On 10/3/23 19:37, Thomas Hellström wrote:
Hi, Danilo

On Tue, 2023-10-03 at 18:55 +0200, Danilo Krummrich wrote:
It seems like we're mostly aligned on this series, except for the key
controversy we're discussing for a few versions now: locking of the
internal
lists. Hence, let's just re-iterate the options we have to get this
out of the
way.

(1) The spinlock dance. This basically works for every use case,
updating the VA
     space from the IOCTL, from the fence signaling path or anywhere
else.
     However, it has the downside of requiring spin_lock() /
spin_unlock() for
     *each* list element when locking all external objects and
validating all
     evicted objects. Typically, the amount of extobjs and evicted
objects
     shouldn't be excessive, but there might be exceptions, e.g. Xe.

(2) The dma-resv lock dance. This is convinient for drivers updating
the VA
     space from a VM_BIND ioctl() and is especially efficient if such
drivers
     have a huge amount of external and/or evicted objects to manage.
However,
     the downsides are that it requires a few tricks in drivers
updating the VA
     space from the fence signaling path (e.g. job_run()). Design
wise, I'm still
     skeptical that it is a good idea to protect internal data
structures with
     external locks in a way that it's not clear to callers that a
certain
     function would access one of those resources and hence needs
protection.
     E.g. it is counter intuitive that drm_gpuvm_bo_put() would
require both the
     dma-resv lock of the corresponding object and the VM's dma-resv
lock held.
     (Additionally, there were some concerns from amdgpu regarding
flexibility in
     terms of using GPUVM for non-VM_BIND uAPIs and compute, however,
AFAICS
     those discussions did not complete and to me it's still unclear
why it
     wouldn't work.)

(3) Simply use an internal mutex per list. This adds a tiny (IMHO
negligible)
     overhead for drivers updating the VA space from a VM_BIND
ioctl(), namely
     a *single* mutex_lock()/mutex_unlock() when locking all external
objects
     and validating all evicted objects. And it still requires some
tricks for
     drivers updating the VA space from the fence signaling path.
However, it's
     as simple as it can be and hence way less error prone as well as
     self-contained and hence easy to use. Additionally, it's flexible
in a way
     that we don't have any expections on drivers to already hold
certain locks
     that the driver in some situation might not be able to acquire in
the first
     place.

Such an overhead is fully OK IMO, But didn't we conclude at some point
that using a mutex in this way isn't possible due to the fact that
validate() needs to be able to lock dma_resv, and then we have
dma_resv()->mutex->dma_resv()?

Oh, yes. I already forgot about it. I think it would work for protecting the
evicted list. But it breaks with the external object list, because we'd hold
the mutex while acquiring the dma-resv locks. Hence, there'd be a potential
lock inversion when drm_gpuvm_bo_put() is called with the corrsponding
dma-resv lock held. Then this option is indeed gone as well, unfortunately.

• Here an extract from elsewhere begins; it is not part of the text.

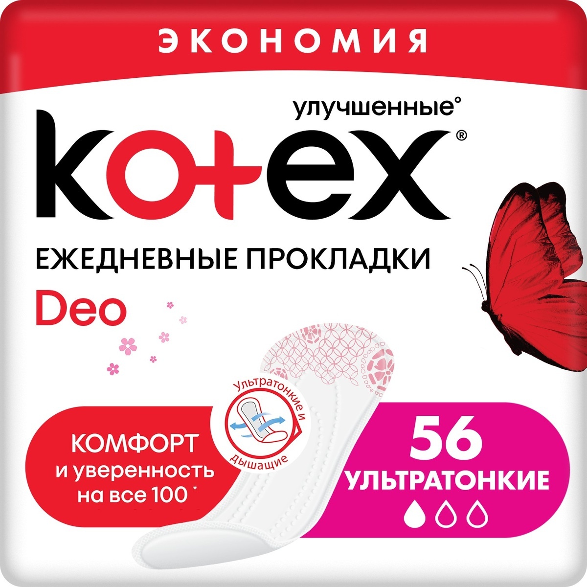 Сколько стоит Котекс Deo прокладки ежедневные ультратонкие №56 - цена и отзывы

(4) Arbitrary combinations of the above. For instance, the current V5
implements
     both (1) and (2) (as either one or the other). But also (1) and
(3) (as in
     (1) additionally to (3)) would be an option, where a driver could
opt-in for
     the spinlock dance in case it updates the VA space from the fence
signaling
     path.

I also considered a few other options as well, however, they don't
seem to be
flexible enough. For instance, as by now we could use SRCU for the
external
object list. However, this falls apart once a driver wants to remove
and re-add
extobjs for the same VM_BO instance. (For the same reason it wouldn't
work for
evicted objects.)

Personally, after seeing the weird implications of (1), (2) and a
combination of
both, I tend to go with (3). Optionally, with an opt-in for (1). The
reason for
the latter is that with (3) the weirdness of (1) by its own mostly
disappears.

Please let me know what you think, and, of course, other ideas than
the
mentioned ones above are still welcome.

Personally, after converting xe to version 5, I think it's pretty
convenient for the driver, (although had to add the evict trick), so I

With evict trick you mean a field drm_gpuvm_bo::evicted? I think we don't
need it necessarily (see my previous reply). But I agree it'd be a bit
cleaner locking wise.

My only concern with that is that it would restrict the context in which
the evict list is useful, because it implies that in order to even see the
actual state of the evict list all external objects must be locked first.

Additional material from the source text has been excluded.